These 1 und These 2 ergänzen sich und resultieren beide letztenendes aus dem Umschwung der Welt bzw. der komplett anderen Sicht auf die Welt, welche die Neuzeit mit sich gebracht hat.
Gute Lektüre dazu ist u.a.:
Richard Sennet: Verfall und Ende des öffentlichen Lebens. Die Tyrannei der Intimität
oder auch von Richard Sennett: Der flexible Mensch.

Gruß

Nataraja


PS vielleicht noch etwas zu deinem Argument, dass man von aussen nichts lernen kann: Wir machen seit etwa vierhundert Jaren nichts anderes: Wir lernen und forschen, indem wir eben das Aussen betrachten, und das zu erkennende Objekt strengstens trennen vom erkennenden Subjekt. Wir sind niemals das zu untersuchende Dings.

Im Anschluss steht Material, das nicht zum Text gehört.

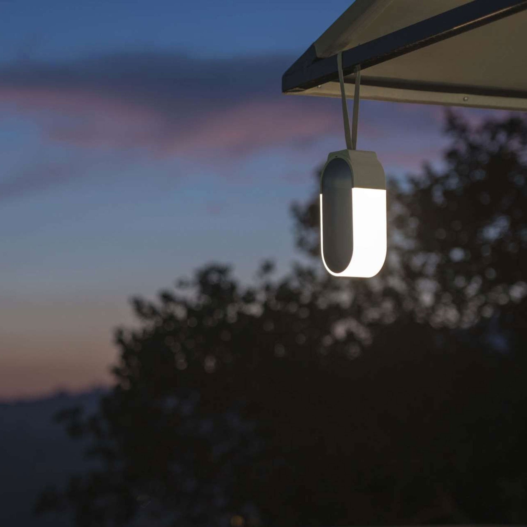 - Attach the leather strap to hang the LED lantern from a tree, an umbrella, or anywhere you need outdoor light. It’s perfect for restaurants or backyard parties.

Und eben deswegen kan ich dir sagen, dass ich die Story mit dem Christentum sehr wohl begriffen habe, und das sogar noch in vielerlei Variationen; wobei die gröbste Variation die des katholischen und des evangelischen Christentums ist.
"... denn die einzige Wahrheit heißt: lernen, sich von der krankhaften Leidenschaft für die Wahrheit zu befreien."
(Umberto Eco: Der Name der Rose; S. 624)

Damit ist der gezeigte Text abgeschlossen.